### What is required
Retype exactly the lines from the one containing "11.44 (2025) |" through the last line of the records below, including both, and leave out any pictures.

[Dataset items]
++++++++++++++++++++

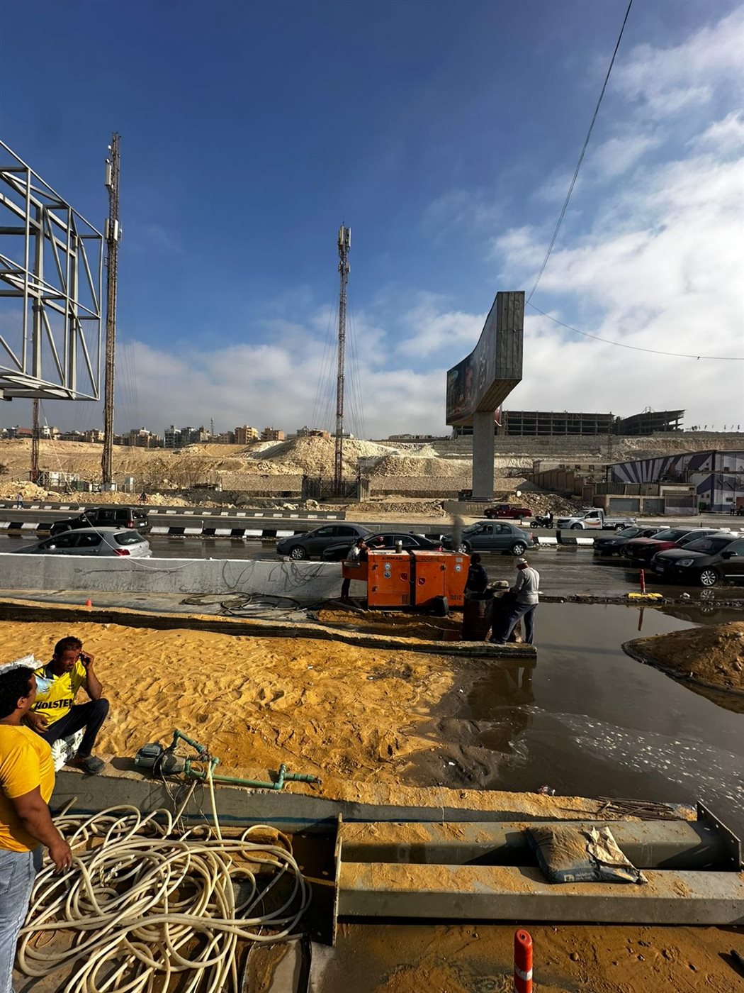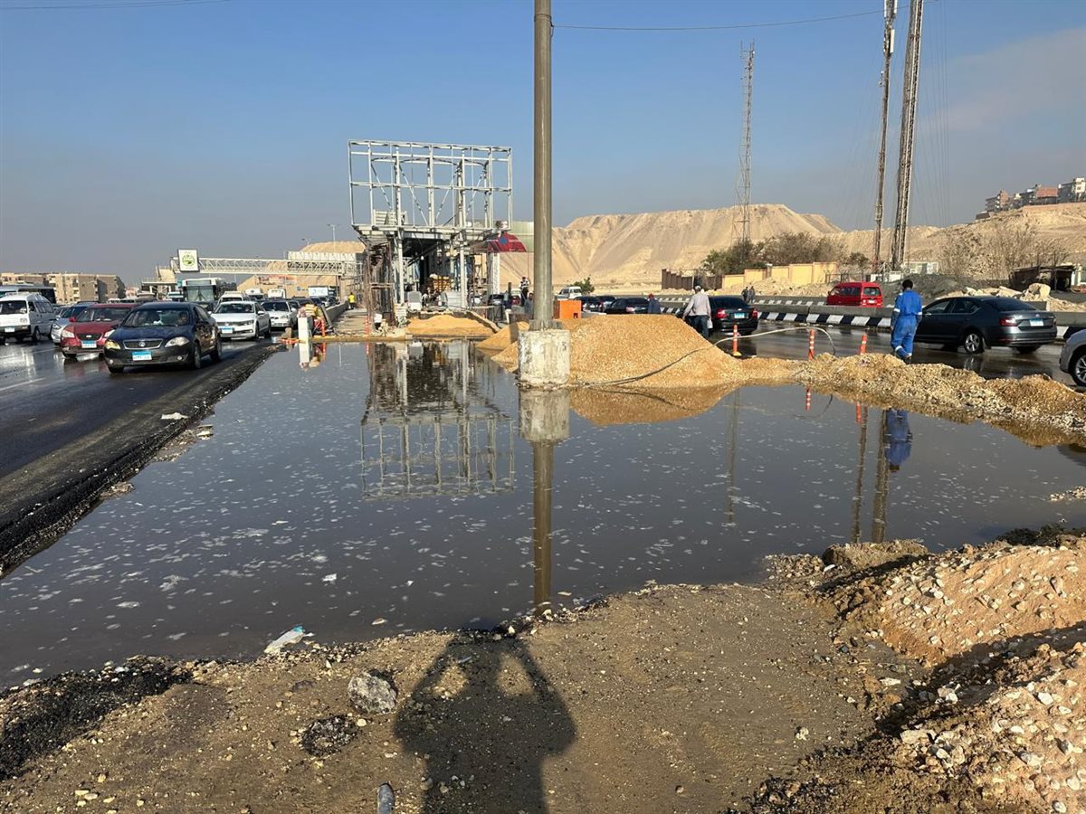 بالصور، كسر ماسورة مياه على الطريق الدائري في الأوتوستراد
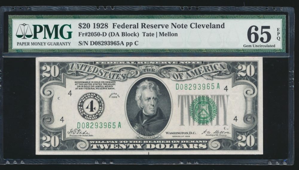 One 1928 $20 Cleveland Federal Reserve Note PMG 65EPQ.
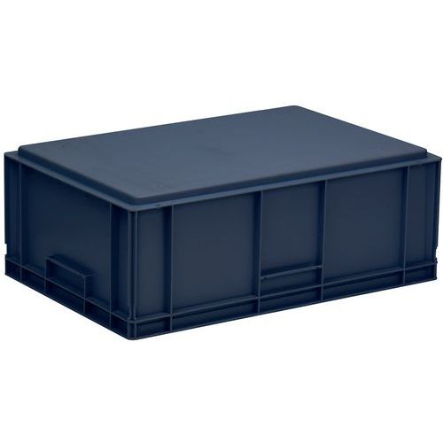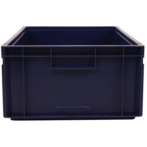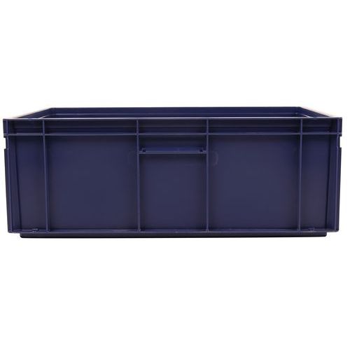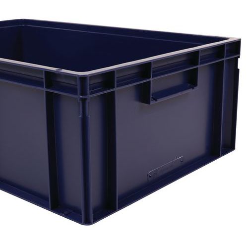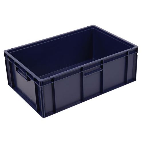 Contenitore a norma europea ad alta stabilità adatto all'impilaggio. Maniglie chiuse: movimentazione facilitata, capacità preservata. Resistente agli oli, ai grassi e a numerosi prodotti chimici.
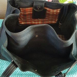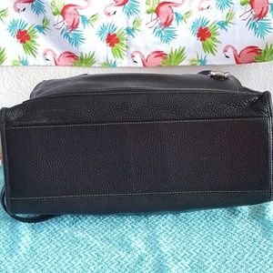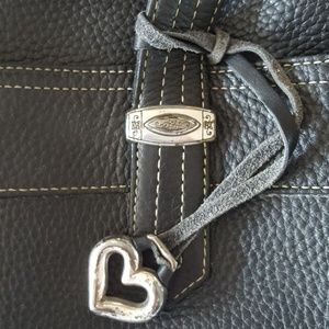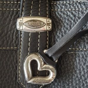 This vintage Brighton handbag is a great bag. It's the perfect size if you need to take along your iPad or a diaper and wipes! It is in very good condition. The heart, which is removable, and the emblems at the base of the handles do have some tarnish. Measures approximately 14 1/2" w x 9 1/2"h x 5 1/2" d and handles are 13".
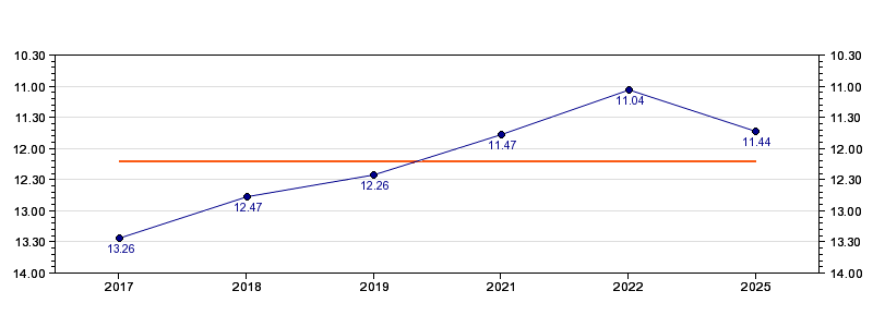 | Forrige tid | 11.44 (2025) |
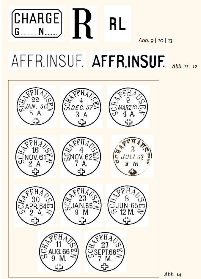 Dazu wird der AFFR.INSUF. verwendet (AW 16 - Abb. 11|12). Spätestens ab 1878 wurden Nachportomarken für die fehlende oder ungenügende Frankatur auf die Briefe aufgeklebt. Schaffhausen hatte mindestens zwei unterschiedliche Stempel im Einsatz.
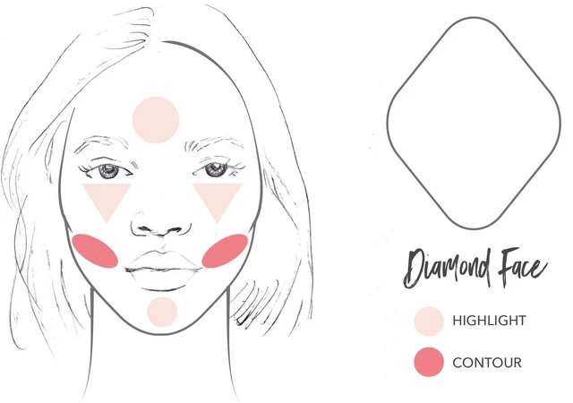 Для улучшения черт лица в форме ромба хайлайтер распределяется по центру лба и подбородка, также оформляются блики под глазами. Затемнение делается исключительно сбоку от скуловых костей.

++++++++++++++++++++

### Task result
 | Forrige tid | 11.44 (2025) |
 Dazu wird der AFFR.INSUF. verwendet (AW 16 - Abb. 11|12). Spätestens ab 1878 wurden Nachportomarken für die fehlende oder ungenügende Frankatur auf die Briefe aufgeklebt. Schaffhausen hatte mindestens zwei unterschiedliche Stempel im Einsatz.
 Для улучшения черт лица в форме ромба хайлайтер распределяется по центру лба и подбородка, также оформляются блики под глазами. Затемнение делается исключительно сбоку от скуловых костей.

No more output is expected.